Cost factors related to the concept are vast and varied, as AUBMC has a host of 500 residents and fellows in the practical extension of the medical school. This training program alone, according to Sayegh, represents an annual budget of $4 million to $7 million in costs to AUBMC. On the patient side, the facility has to wrestle with the inequities of the Lebanese healthcare compensation, just as many other providers of healthcare services do.
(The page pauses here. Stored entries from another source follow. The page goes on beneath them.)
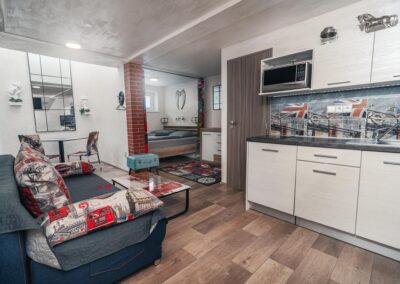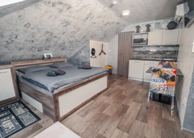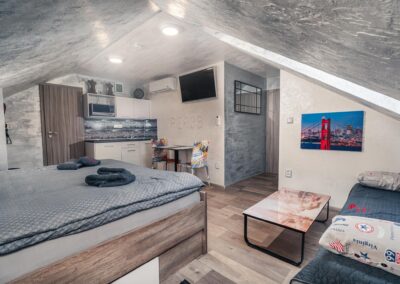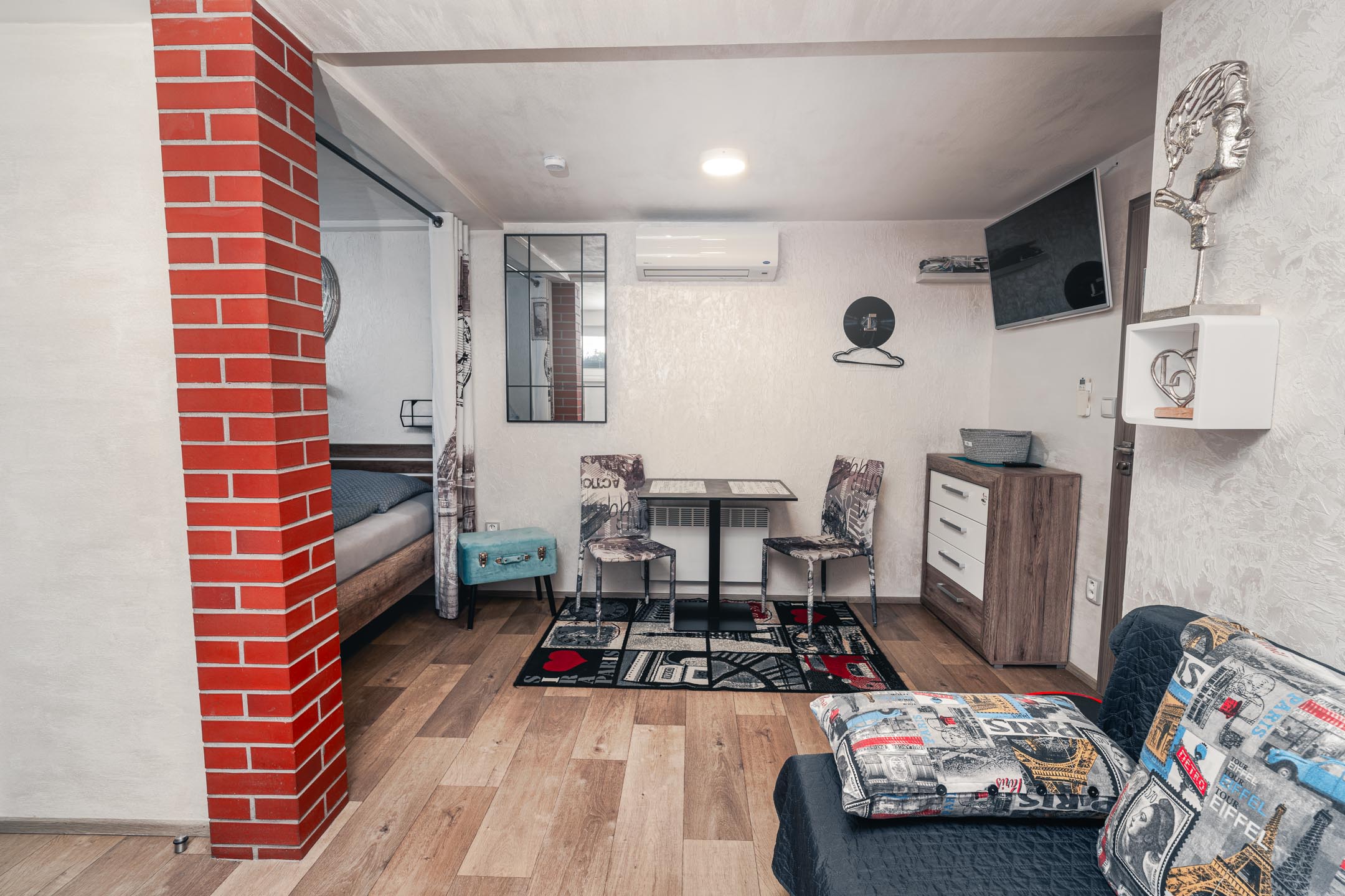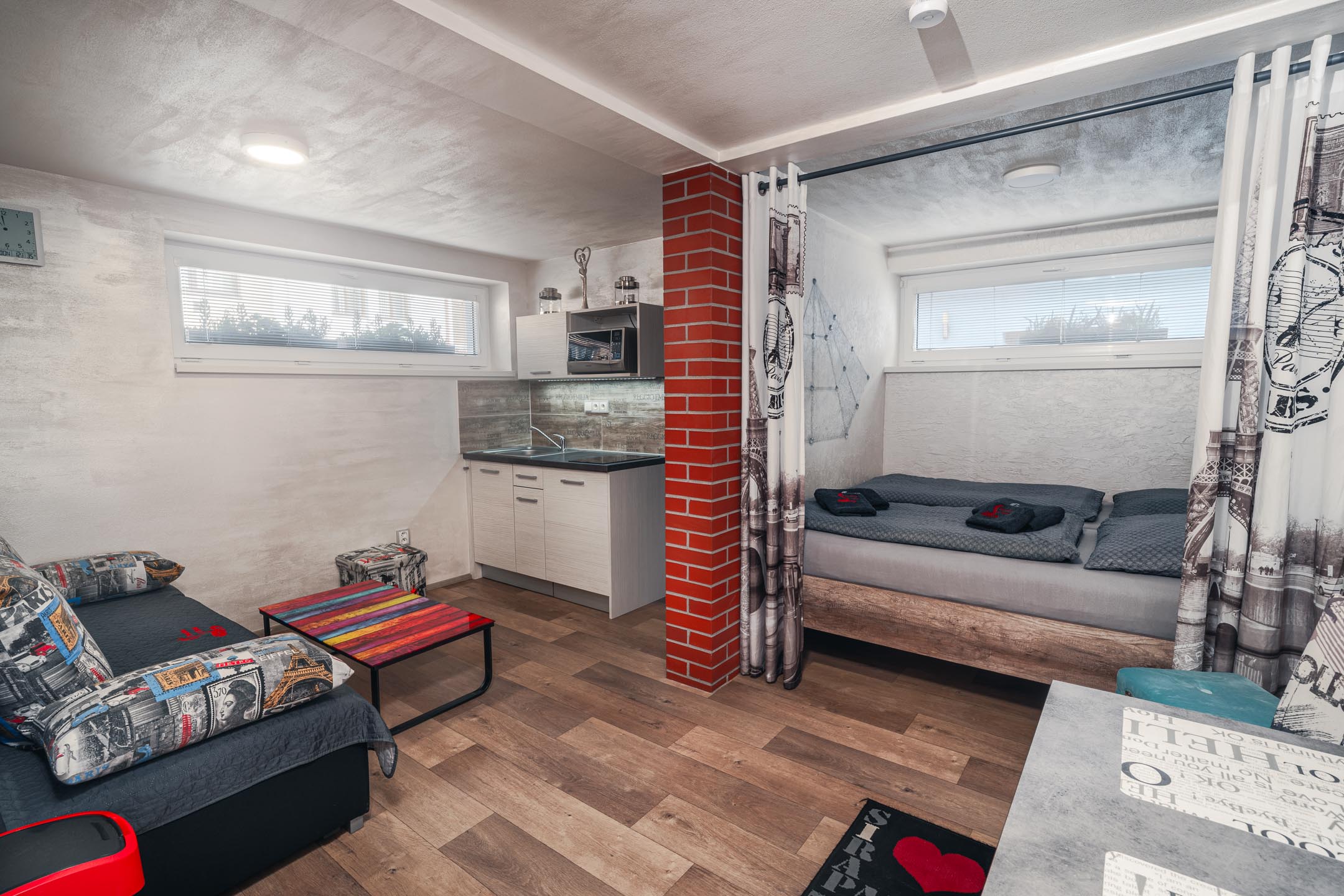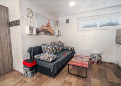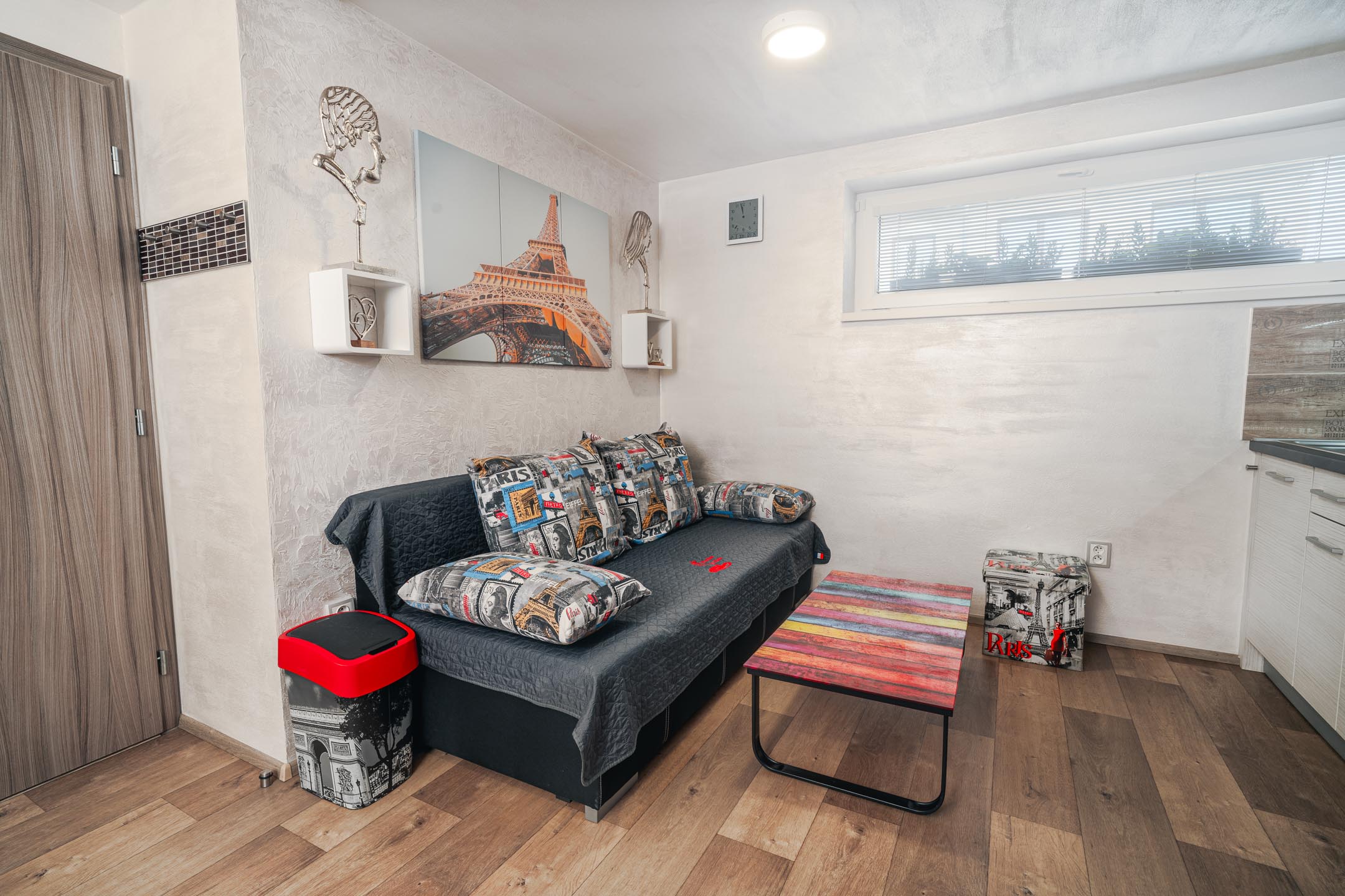 Máte rádi romantiku? Tak zavítejte pod Eiffelovku. Designové studio s motivy nejromantičtějšího místa na světě. Obsahuje jednu manželskou postel a rozkládací pohovku. Jedná se o plně vybavené studio obsahující kuchyň, WC, koupelnu.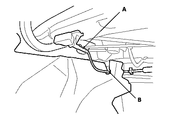 4. Disconnect the seat-back release cable (A) from the seat-back latch (B).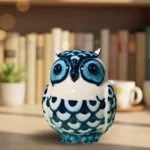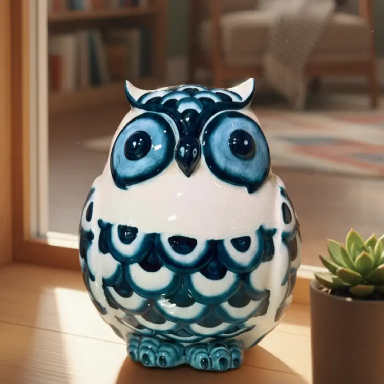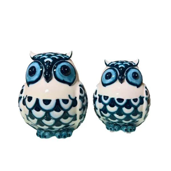 Add a touch of charm and elegance to your space with this handcrafted ceramic owl duo. Featuring intricate blue feather patterns on a glossy white glaze, these figurines symbolize wisdom and serenity

Unlike the US, where the government allocates funding to support residency training, the Lebanese government provides no subsidies for the training of young physicians. On top of that, AUBMC feels the relentless pinch of the “dismal” reimbursements for treatment of patients that are admitted on Ministry of Public Health and National Social Security Fund (NSSF) accounts, Sayegh says. “We have an obligation and accept these patients but they cost us money. The nice thing is that we have a nice mix of patients, where we have some insurance patients, some self-payees and some who are [covered by] government and NSSF.”
The importance of networking
AUBMC’s mix of lucrative and money-losing patients makes balancing the bottom line easier than it is for other Lebanese hospitals.
The institution additionally changed its stance from academic isolationism of sorts to increased interaction with Lebanese hospitals. According to Sayegh, this was realized by entering into affiliations with several institutions to which AUBMC can dispatch physicians to treat patients who under existing contracts with municipalities and public sector entities are not eligible for admission to AUBMC itself.
Medical provider networking is one of the lessons taken from the AUBMC dean’s US experience at Harvard. Creating such partnerships, which represents the sixth component in AUBMC’s Vision 2020, is also on the agenda of regional interaction with Arab countries.
Although the six strategic items of the vision are equally important, implementation of some points does presuppose progress on other agenda items. The most pivotal point is reversing the brain drain by attracting highly qualified faculty members to Beirut. Expanding the hospital care capacity to about 360 beds in the immediate term and 600 beds later on is another facilitator required for entering into more strategic partnerships.
While a sound business model in today’s world is a must also for an academic medical center, the idea for AUBMC’s overall path forward is not commercial or profit-oriented but to financially sustain operations. “Sustainability is critical, otherwise you are losing money every year and cannot in fact have the best academic medical center,” says Sayegh.
This future will mean, however, a continued dependency on donors who support needy patients through several funds such as the Brave Heart Fund and the Neonate Fund, established in 2012. “The availability of citizens who believe in these missions is very important. You cannot sustain our operation with just pure business models, and none of the academic medical centers can do it unless [they] compromise either on training or on care,” says Sayegh.
Despite the uncertainties of the Lebanese health care system and despite anticipated dependency on the goodwill of the donor community, the leader of AUBMC and driver of Vision 2020 exhibits no shred of doubt in his return-on-investment projections. When asked how much value he expects each dollar invested in the institution’s universal upgrade project will generate, Sayegh’s answer is categorical: “hundreds, of course.”